A retrospective safety review has raised concerns about eye disorders and abnormal hair growth in babies linked to minoxidil, a widely used over-the-counter treatment for hair loss. 

Originally developed as an oral antihypertensive, minoxidil (eg. Regaine) was later reformulated for topical use after its hair growth effects were observed, driving widespread consumer use with limited regulatory oversight, the study claimed. 
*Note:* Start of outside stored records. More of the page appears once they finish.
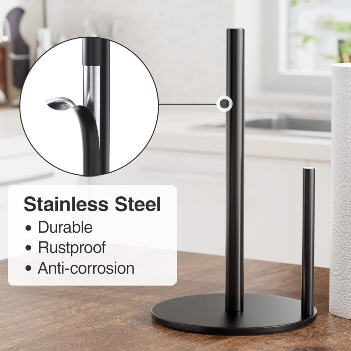 Paper Towel Holder Black Kitchen Roll Holder, Premium Stainless Steel Paper Towel Holder for Kitchen Roll Organize, Countertop Roll Dispenser with Weighted Base
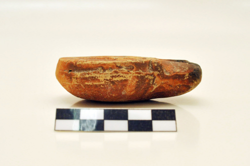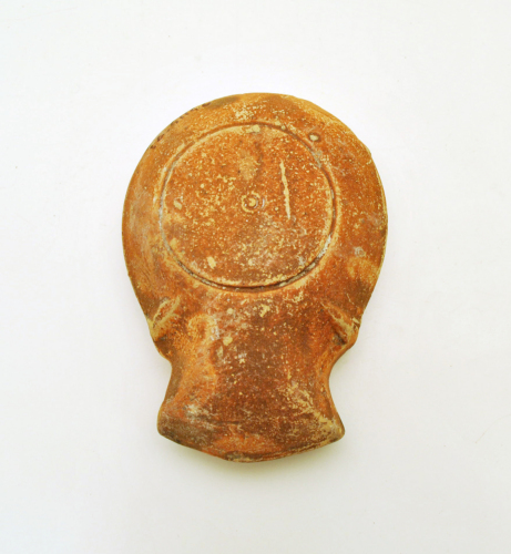 L'argilla è di colore beige, la vernice è rosso bruna a chiazze più scure, beccuccio annerito dal fuoco.
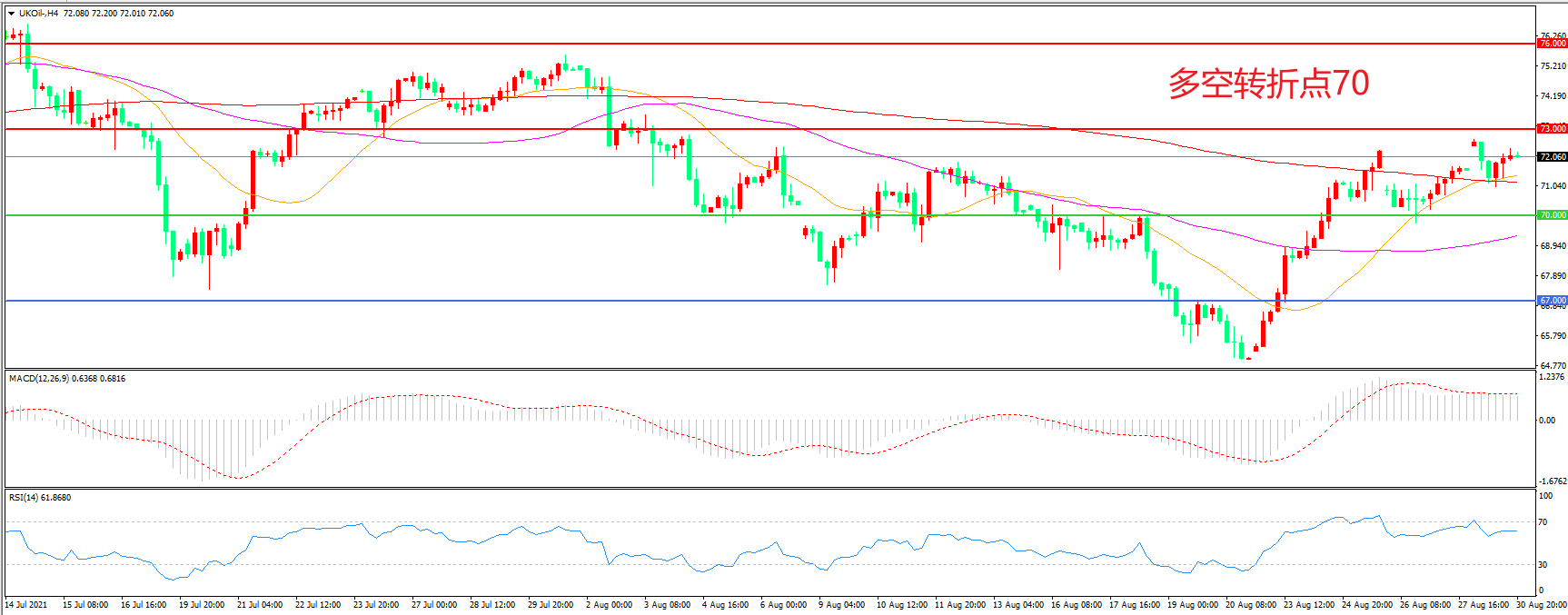 多空转折点:70.00

Using adverse drug reaction reports from the World Health Organization’s global safety database, VigiBase, reserchers analysed post-market data collected up to March 2025. They identified 1,669 global reports of eye disorders associated with minoxidil use in the general population, including 25 cases from India. Reported ocular symptoms included eyelid oedema, blurred vision and central serous chorioretinopathy (CSCR). Of nine serious eye-related reports, the authors noted that four remained after de-duplication, comprising three cases of CSCR and one retinal artery occlusion. 

Among 2,664 global reports of infantile hypertrichosis, the authors also identified 45 cases involving babies aged 0 to 23 months linked to maternal exposure during pregnancy or breastfeeding, accidental contact, or unknown causes. 

These findings raise concerns about early-life exposure, particularly given the drug’s ready availability and lack of strict dispensing controls, and authors said stronger caregiver education, clearer usage guidance and tighter regulation are needed to reduce preventable risks to both infants and eye health.

The study was published in Archives of Dermatological Research.